» **Stored data**:
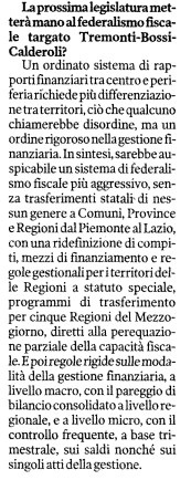 Pietro Giarda, ministro per i Rapporti con il Parlamento, su federalismo fiscale ed assetto dello Stato, in Sole 24 Ore del 5 ottobre 2012
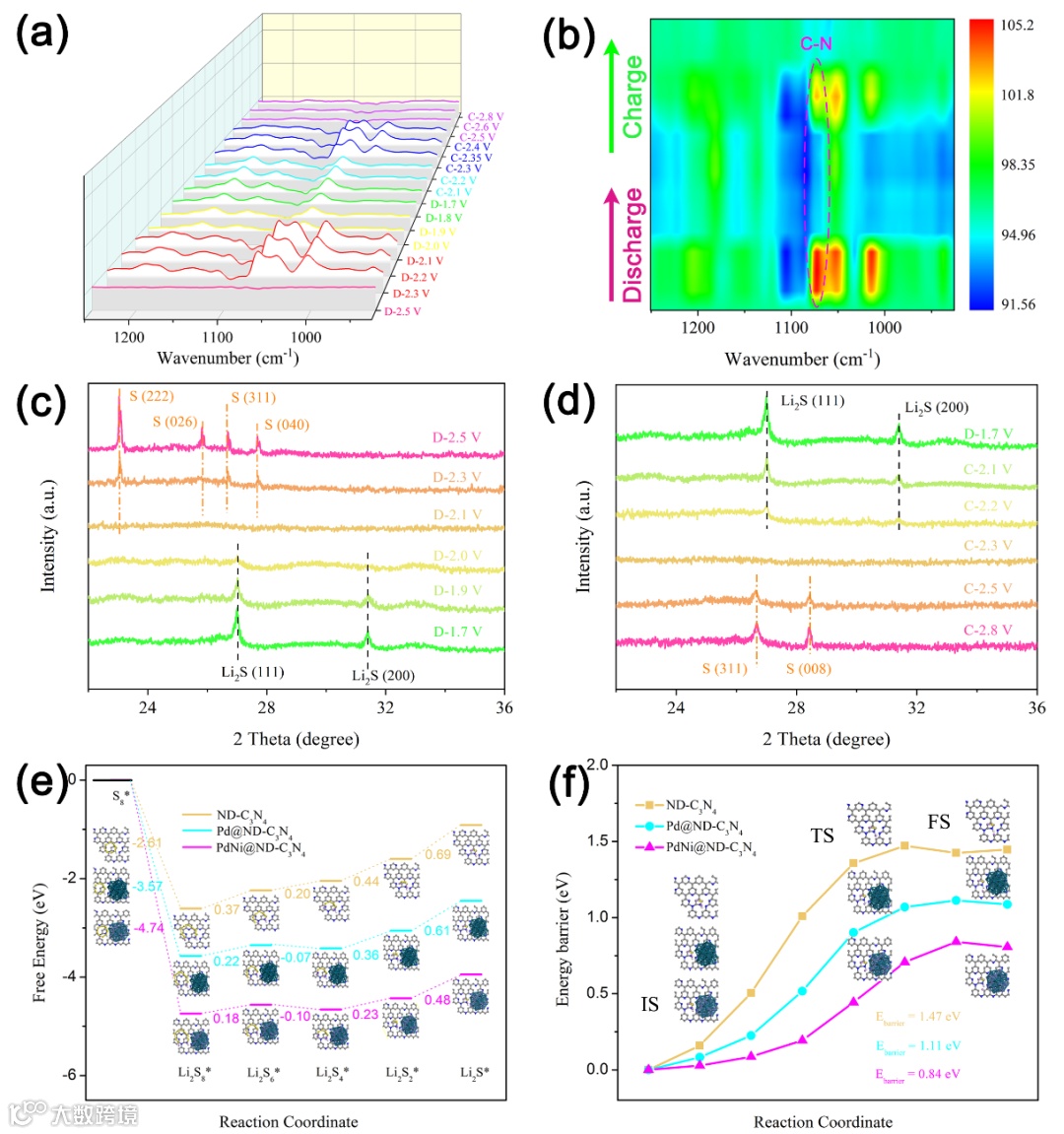 Figure 4. Study on the conversion process of LiPSs. a) In-situ FT-IR spectra of PdNi@ND-C3N4 cathode at different discharge and charge states. b) Contour and response surface analysis corresponding to the discharge and charge processes. Ex-situ XRD patterns of PdNi@ND-C3N4 cathode at different c) discharge and d) charge states. e) Energy profiles for the reduction of LiPSs and f) decomposition of Li2S on ND-C3N4, Pd@ND-C3N4, and PdNi@ND-C3N4 substrates, respectively (The black, blue, yellow, pink, dark green, and light blue balls represent C, N, S, Li, Pd, and Ni atoms, respectively).
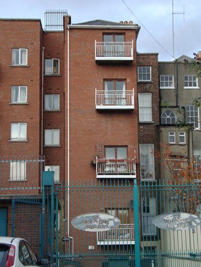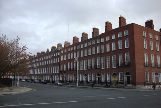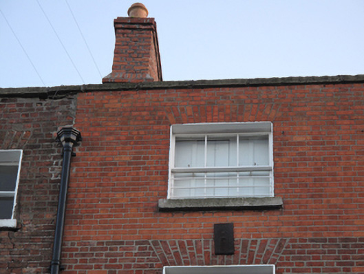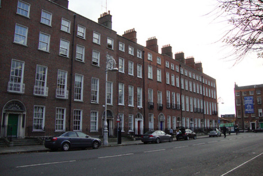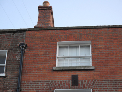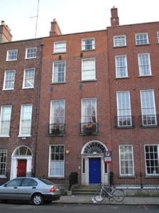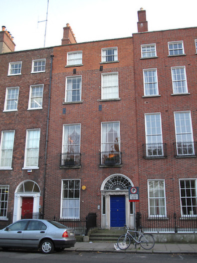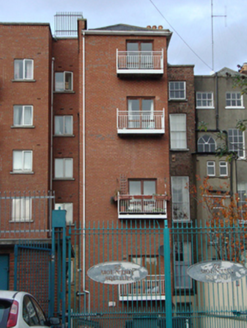 Terraced two-bay four-storey house over exposed basement, built c.1798, with recent single-bay five-storey hipped extension to rear. Now in use as flats. Pitched roof of unknown material to front, with perpendicular pitch to rear and half-pitch to west. Stepped red brick chimneystack with clay pots to east party wall and rebuilt red brick parapet wall with squared granite coping. Cast-iron rainwater goods breaking through to front (north) elevation. Flemish bond red brick wall with granite plinth course and granite platband over rendered walls to basement. Top floor rebuilt. Rear (south) elevation of red brick in English garden wall bond. Gauged brick flat-arched window openings with patent rendered reveals and granite sills, granite block-and-start surrounds to basement window. Replacement timber sliding sash windows to front (north) elevation, six-over-six pane from basement to second floors, and three-over-three pane to top floor. Cast-iron convex balconettes to first floor, and cast-iron grilles to basement. Original timber sliding sash windows to rear elevation, six-over-six pane to basement, ground, and second floors, nine-over-nine pane to first floor, and three-over-three pane to top floor. Round-headed door opening with gauged brick voussoirs and limestone doorcase comprising replacement timber panelled door flanked by engaged Ionic columns on plinth blocks with responding replacement sidelights, stuccoed lintel forming support to replacement fanlight. Door opens onto limestone-flagged platform, having granite-stepped approach bridging basement area. Approach flanked by wrought-iron railings with cast-iron corner finials on moulded plinth with matching gate giving access to basement via turned stone staircase with recent cast-iron handrail and cast-iron door accessing under-street coal bunker. Rear of site flanked by masonry walls and enclosed by steel gate.
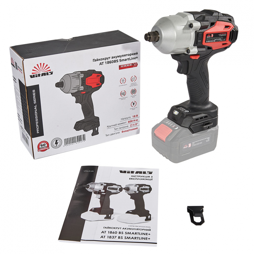 Гайкокрут акумуляторний Vitals Professional AT 1860 BS SmartLine+ — це найпотужніша модель у лінійці гайкокрутів серії SmartLine+. Він призначений для виконання найвибагливіших завдань із кріплення та відкручування гайок, забезпечуючи високий крутний момент аж до 600 Нм.

» **Exercise requirements**:
Write out, exactly and with no pictures, the lines of the data from the first through the line containing "Figure 4. Study".

» **Written response**:
 Pietro Giarda, ministro per i Rapporti con il Parlamento, su federalismo fiscale ed assetto dello Stato, in Sole 24 Ore del 5 ottobre 2012
 Figure 4. Study on the conversion process of LiPSs. a) In-situ FT-IR spectra of PdNi@ND-C3N4 cathode at different discharge and charge states. b) Contour and response surface analysis corresponding to the discharge and charge processes. Ex-situ XRD patterns of PdNi@ND-C3N4 cathode at different c) discharge and d) charge states. e) Energy profiles for the reduction of LiPSs and f) decomposition of Li2S on ND-C3N4, Pd@ND-C3N4, and PdNi@ND-C3N4 substrates, respectively (The black, blue, yellow, pink, dark green, and light blue balls represent C, N, S, Li, Pd, and Ni atoms, respectively).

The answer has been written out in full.